### [Activity]
The task calls for every entry to be printed word for word, without the images.

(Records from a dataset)

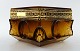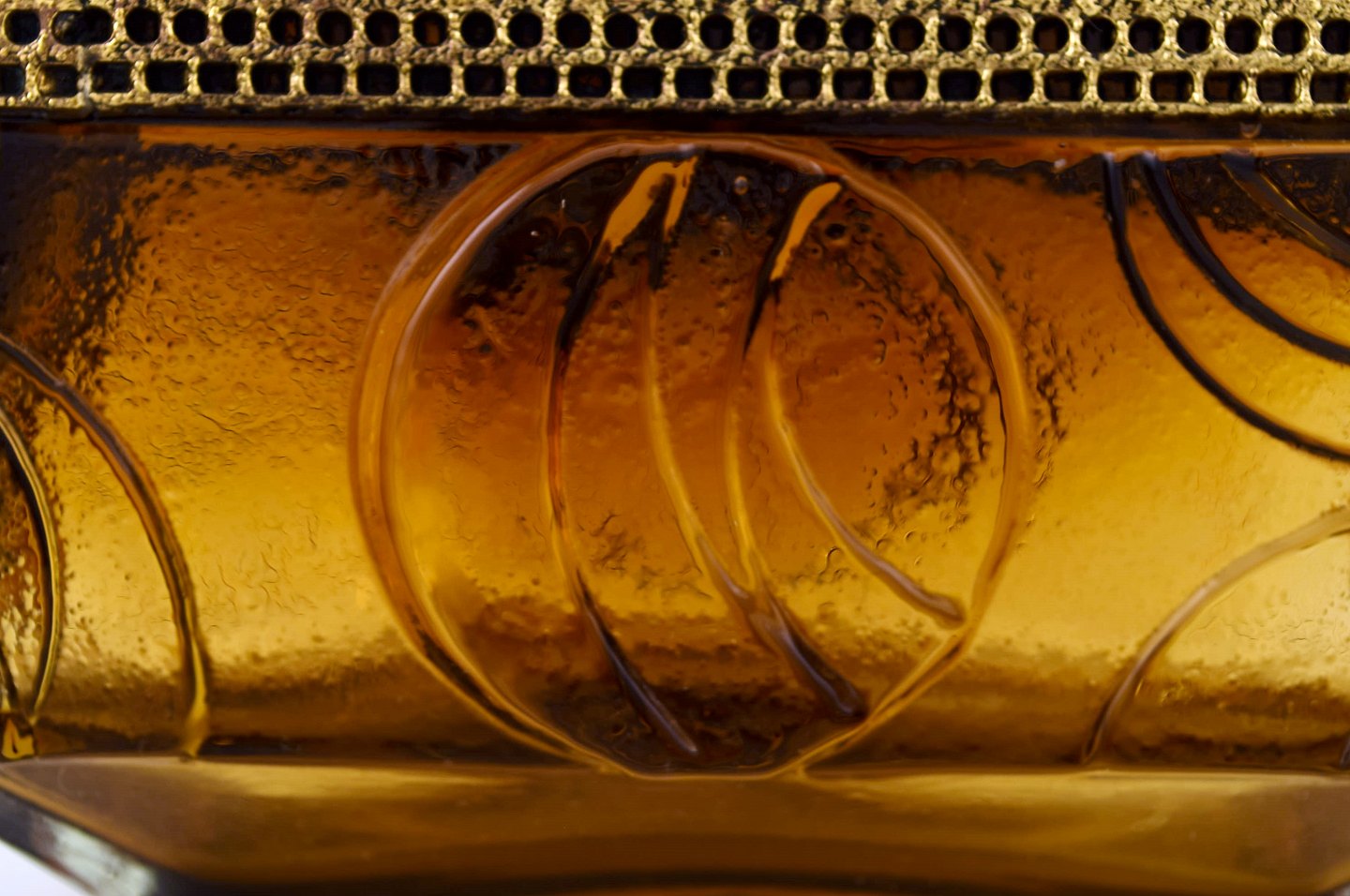 Smoky brown art glass vase with circular shapes on all sides of the vase and a patterned metal band, designed by Pentti Sarpaneva. The glass was manufactured at Oy Kumela and the matching bronze cylinder at Turun Hopea of Finland.
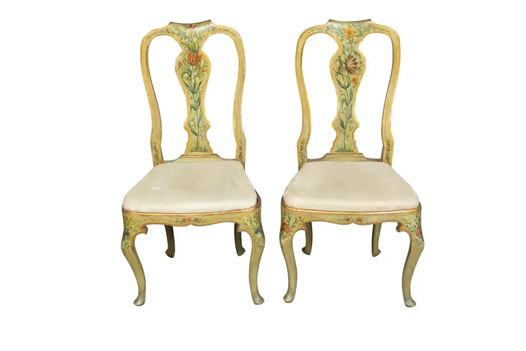 Pair Of Italian Rococo Painted Side Chairs
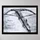 Ancient Balestra sketch and studies of Leonardo da Vinci c.1500, pen and ink on paper in black white grey colors.
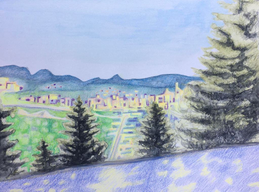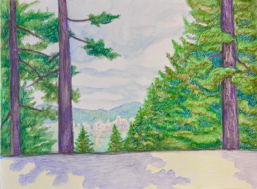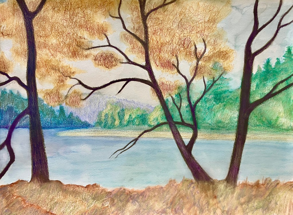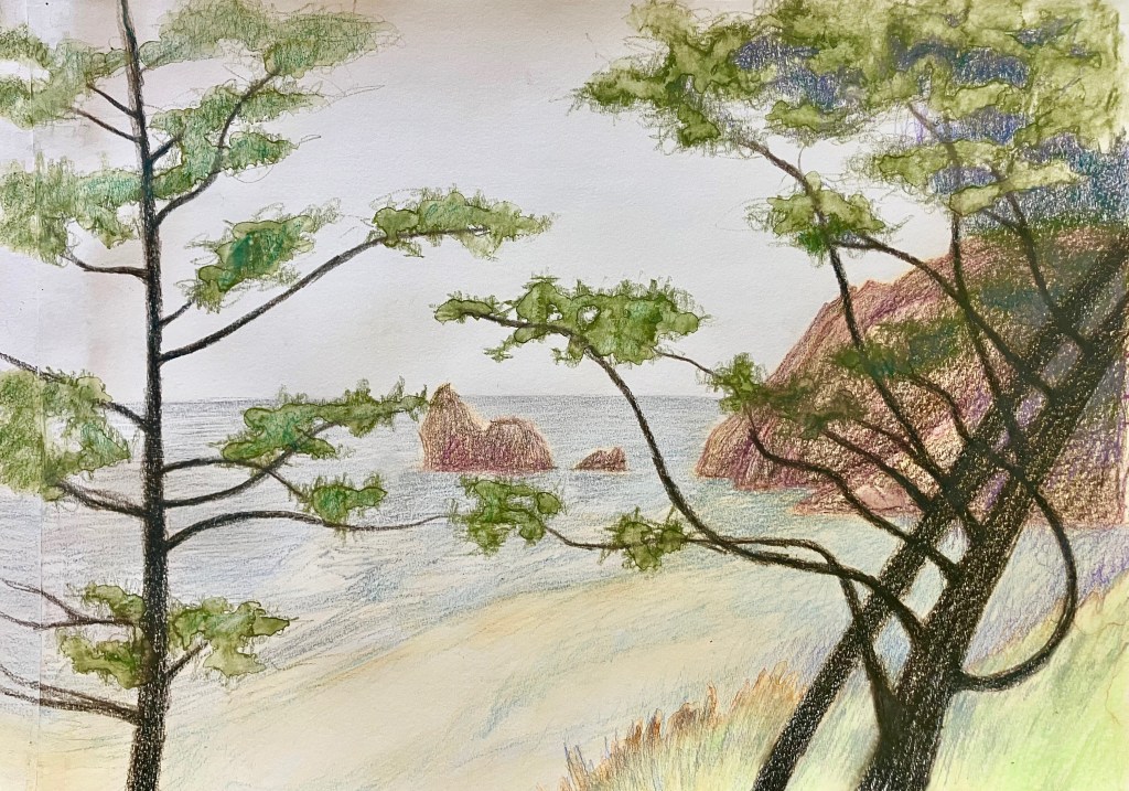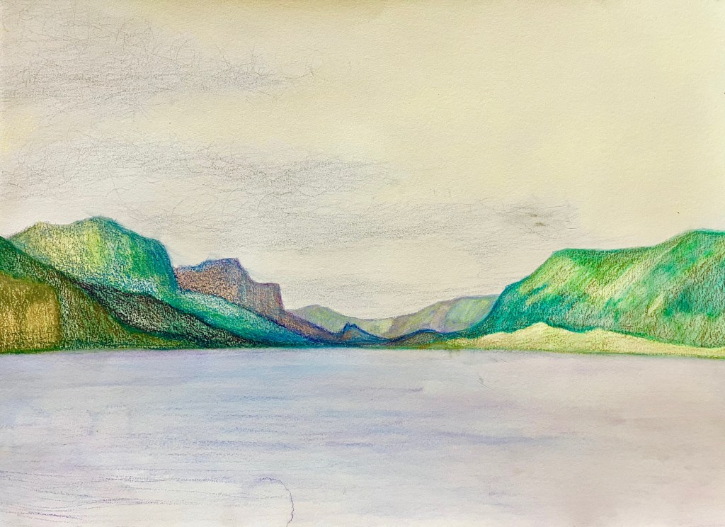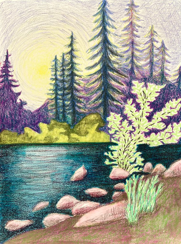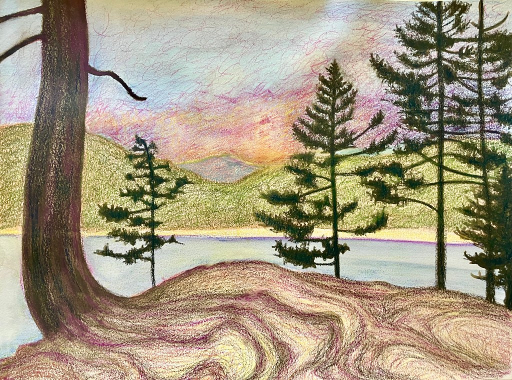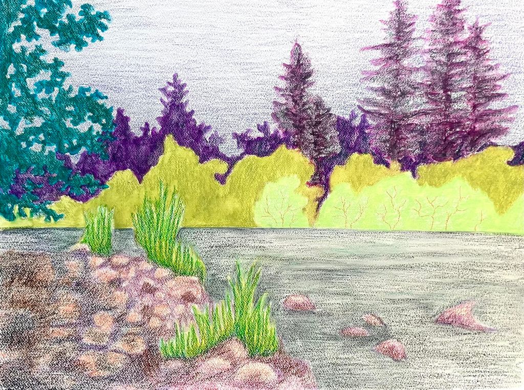 Her other love, landscape painting, has been something that has always come very naturally to her. She studied more traditional painting in highschool but set it aside for many years to focus on abstract work and only returned to it as a form of therapy to heal from traumas, like her long cancer journey. Sitting quietly in nature exploring deep listen and emotional seeing through drawing has been a path back to her spiritual practice.
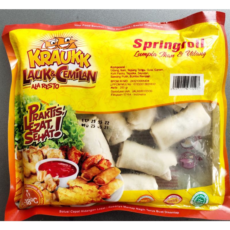 Kraukk SpringRoll 250gr Olahan Tepung Ikan Dan Telur Puyuh Yang Telah Diracik Bersama Bumbu Rempah Alami Dalam Balutan Kulit Kembang Tahu, Menjadikannya Salah Satu Lauk Favorit Keluarga Indonesia Karena Rasanya Yang Lezat dan Bentuknya Yang Unik.
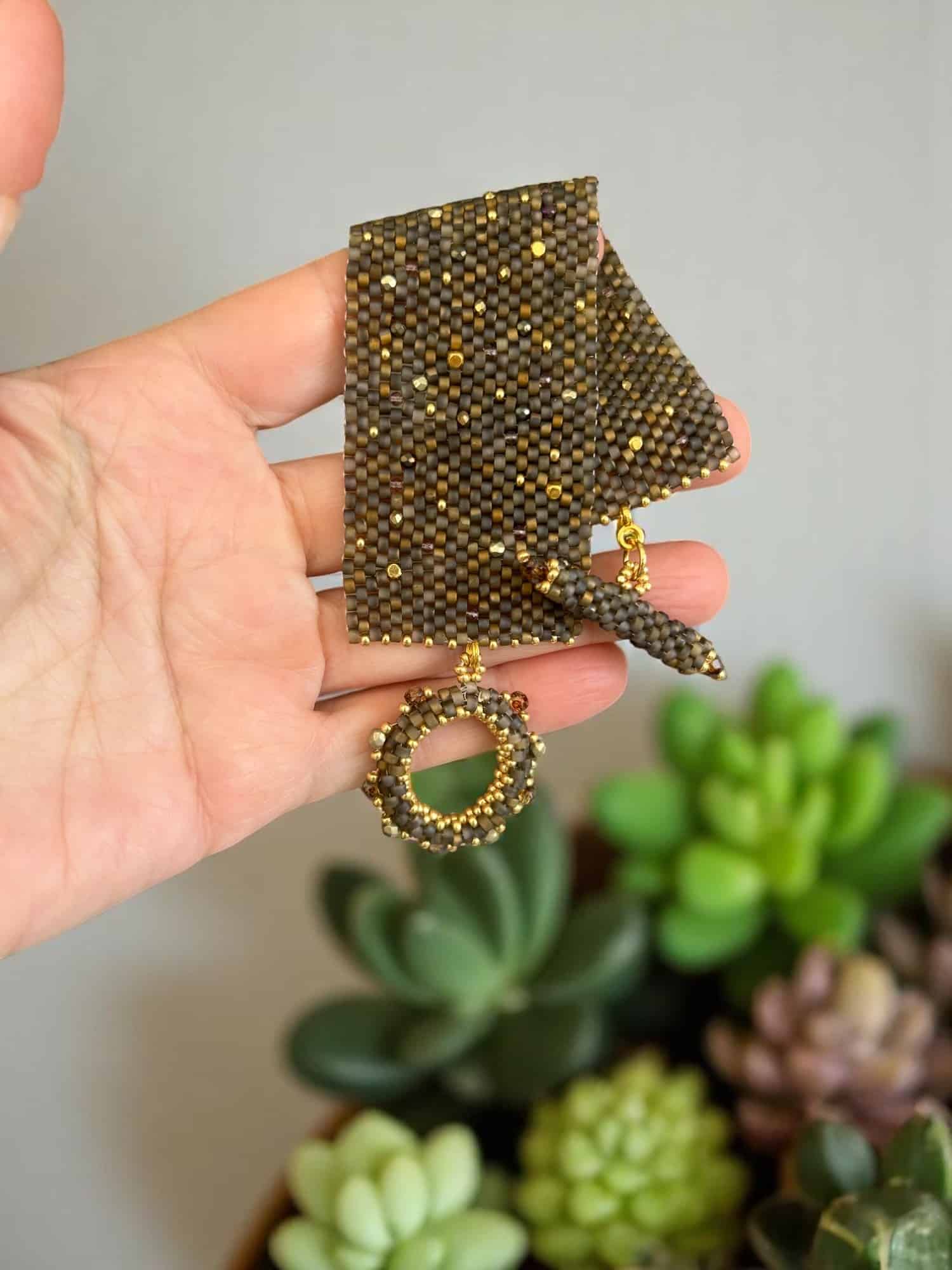 MEMPHIS BROWN: Handgewebtes Perlenarmband aus Glasperlen & böhmischen Elementen in Kaffeebraun & Gold – breit, edel & mit von Hand gefertigtem Verschluss.

### [Written answer]
 Smoky brown art glass vase with circular shapes on all sides of the vase and a patterned metal band, designed by Pentti Sarpaneva. The glass was manufactured at Oy Kumela and the matching bronze cylinder at Turun Hopea of Finland.
 Pair Of Italian Rococo Painted Side Chairs
 Ancient Balestra sketch and studies of Leonardo da Vinci c.1500, pen and ink on paper in black white grey colors.
 Her other love, landscape painting, has been something that has always come very naturally to her. She studied more traditional painting in highschool but set it aside for many years to focus on abstract work and only returned to it as a form of therapy to heal from traumas, like her long cancer journey. Sitting quietly in nature exploring deep listen and emotional seeing through drawing has been a path back to her spiritual practice.
 Kraukk SpringRoll 250gr Olahan Tepung Ikan Dan Telur Puyuh Yang Telah Diracik Bersama Bumbu Rempah Alami Dalam Balutan Kulit Kembang Tahu, Menjadikannya Salah Satu Lauk Favorit Keluarga Indonesia Karena Rasanya Yang Lezat dan Bentuknya Yang Unik.
 MEMPHIS BROWN: Handgewebtes Perlenarmband aus Glasperlen & böhmischen Elementen in Kaffeebraun & Gold – breit, edel & mit von Hand gefertigtem Verschluss.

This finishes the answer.